Leaving out pictures, output exactly the lines below from the one that has "(黄河三角洲国家级自然保护区内成群的花脸鸭、针尾鸭组成的鸟浪掠过忙忙的芦苇荡。 通讯员赵文昌 摄)" through the one that has "如圖14 (左)所示,多焦點", and nothing else.

• GIVEN DATA:
*** Begin section ***

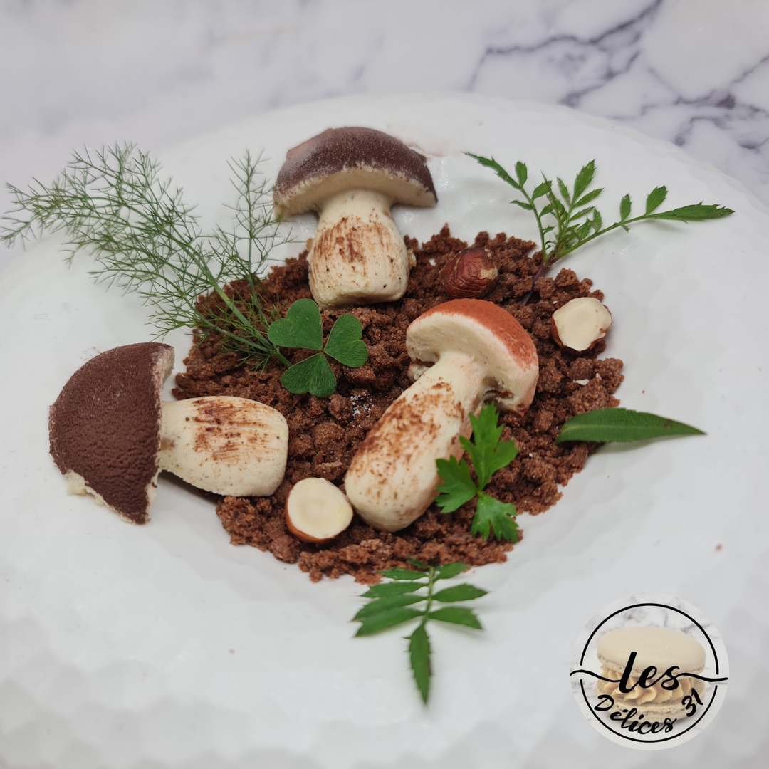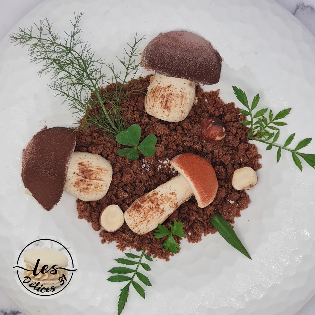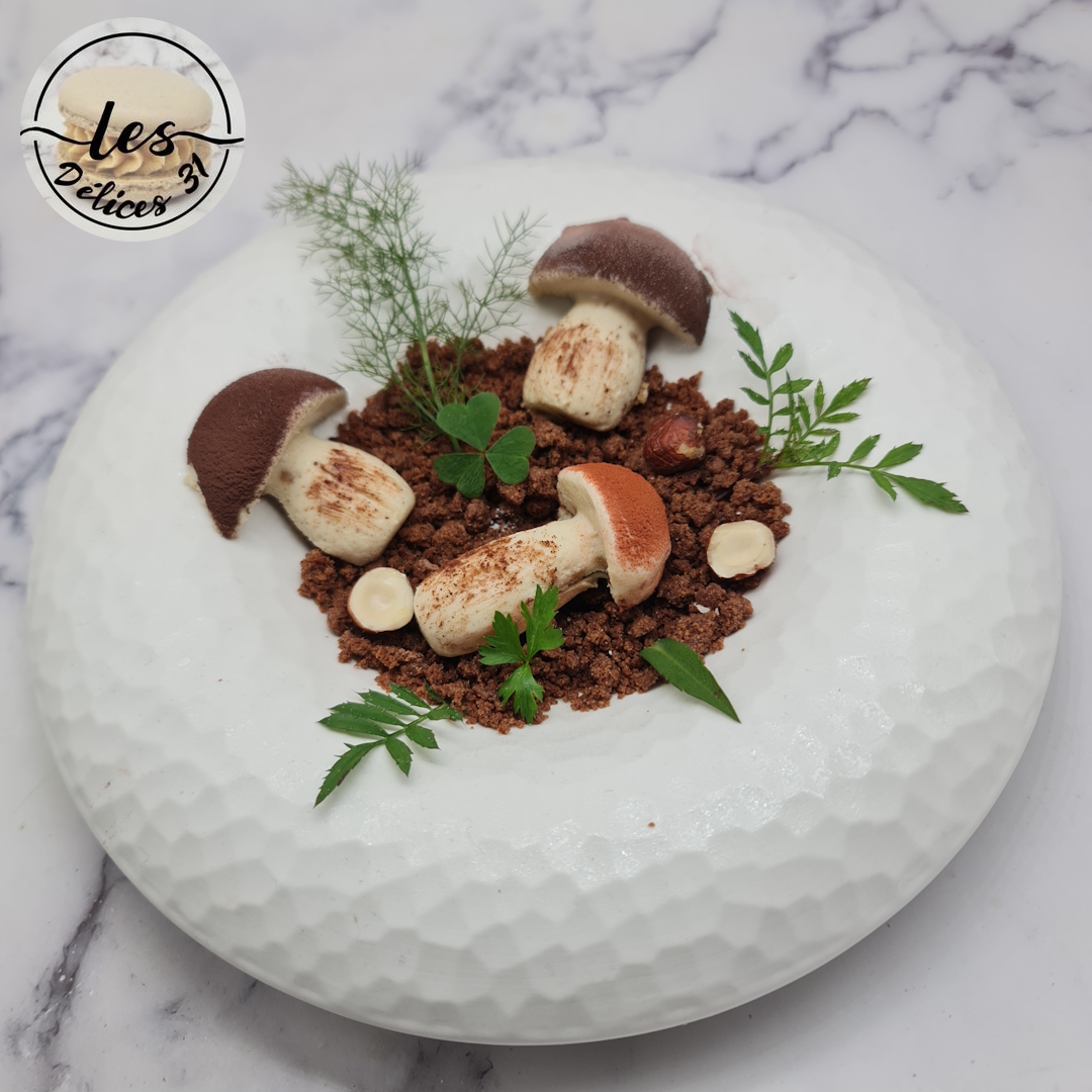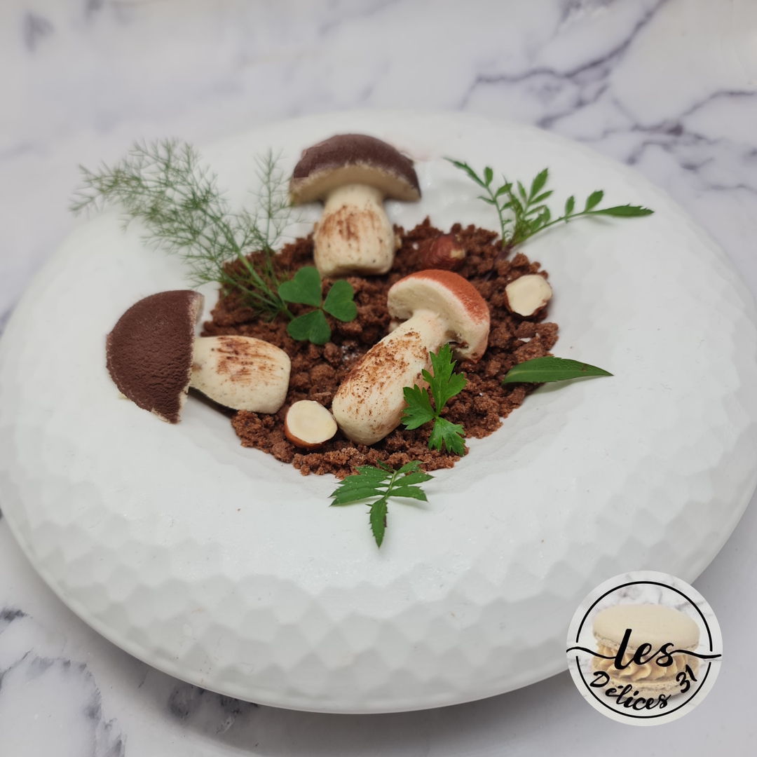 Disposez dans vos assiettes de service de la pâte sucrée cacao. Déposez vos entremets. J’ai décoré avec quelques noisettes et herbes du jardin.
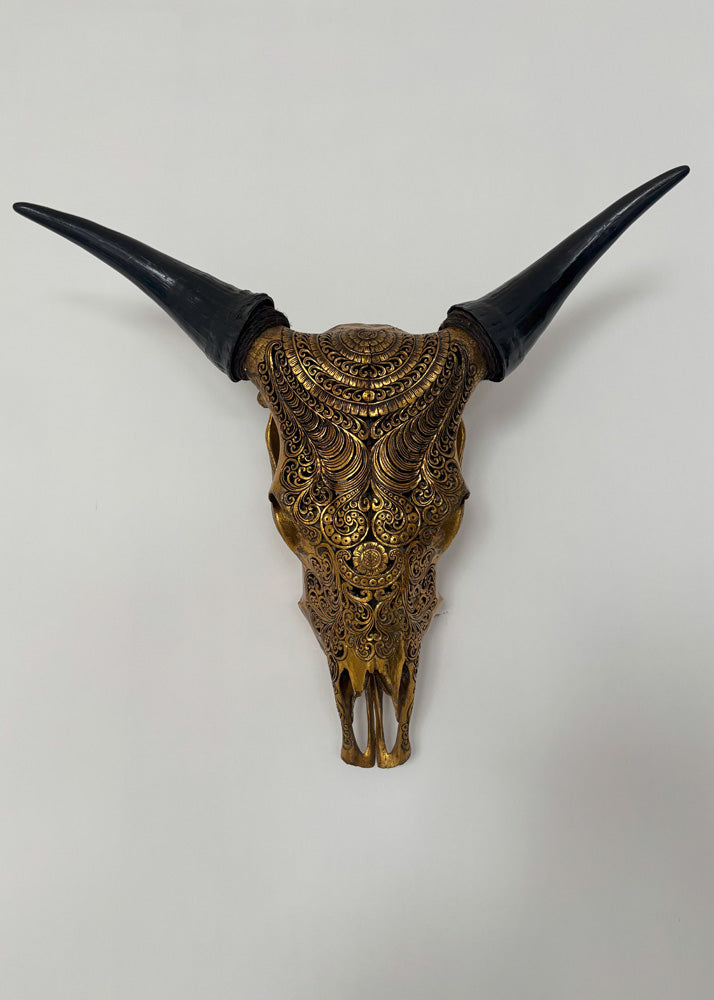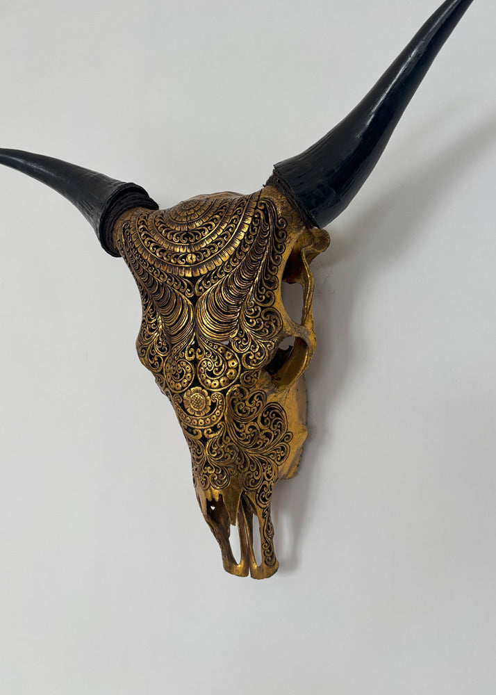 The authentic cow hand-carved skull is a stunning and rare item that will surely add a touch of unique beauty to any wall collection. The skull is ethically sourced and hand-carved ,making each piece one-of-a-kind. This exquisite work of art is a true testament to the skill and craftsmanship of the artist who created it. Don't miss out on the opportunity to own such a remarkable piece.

*** End section ***
*** Begin section ***

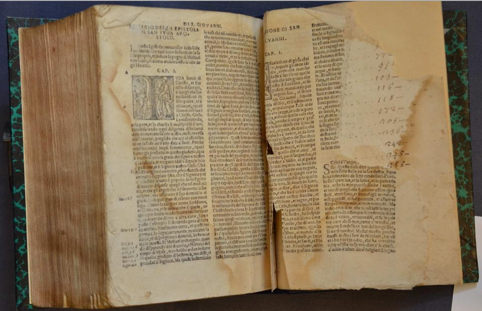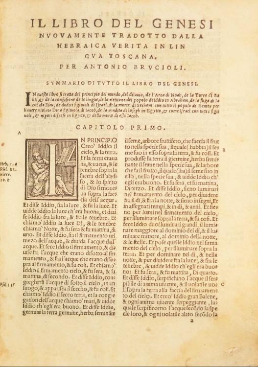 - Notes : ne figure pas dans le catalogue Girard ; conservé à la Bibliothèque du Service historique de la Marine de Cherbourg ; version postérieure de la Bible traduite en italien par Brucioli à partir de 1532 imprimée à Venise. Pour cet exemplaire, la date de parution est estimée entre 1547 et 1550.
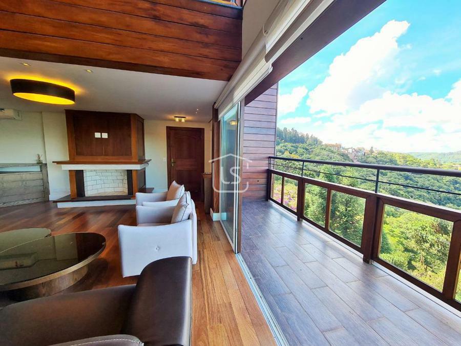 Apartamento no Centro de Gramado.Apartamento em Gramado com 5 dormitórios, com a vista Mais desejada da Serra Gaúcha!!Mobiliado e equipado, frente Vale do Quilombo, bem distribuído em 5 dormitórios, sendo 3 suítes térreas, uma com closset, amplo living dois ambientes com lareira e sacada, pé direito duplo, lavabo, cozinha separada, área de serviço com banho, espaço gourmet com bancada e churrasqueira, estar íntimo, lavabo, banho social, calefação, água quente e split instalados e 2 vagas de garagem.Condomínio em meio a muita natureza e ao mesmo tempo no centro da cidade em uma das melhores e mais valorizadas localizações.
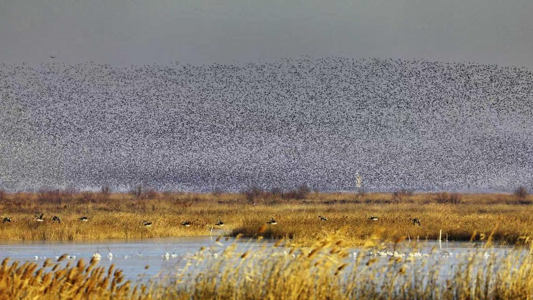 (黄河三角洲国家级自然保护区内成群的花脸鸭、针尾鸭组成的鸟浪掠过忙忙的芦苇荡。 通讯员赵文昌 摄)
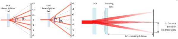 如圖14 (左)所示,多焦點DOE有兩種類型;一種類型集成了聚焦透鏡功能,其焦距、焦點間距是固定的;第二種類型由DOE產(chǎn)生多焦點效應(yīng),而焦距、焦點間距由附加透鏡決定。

*** End section ***

• RESULT:
 (黄河三角洲国家级自然保护区内成群的花脸鸭、针尾鸭组成的鸟浪掠过忙忙的芦苇荡。 通讯员赵文昌 摄)
 如圖14 (左)所示,多焦點DOE有兩種類型;一種類型集成了聚焦透鏡功能,其焦距、焦點間距是固定的;第二種類型由DOE產(chǎn)生多焦點效應(yīng),而焦距、焦點間距由附加透鏡決定。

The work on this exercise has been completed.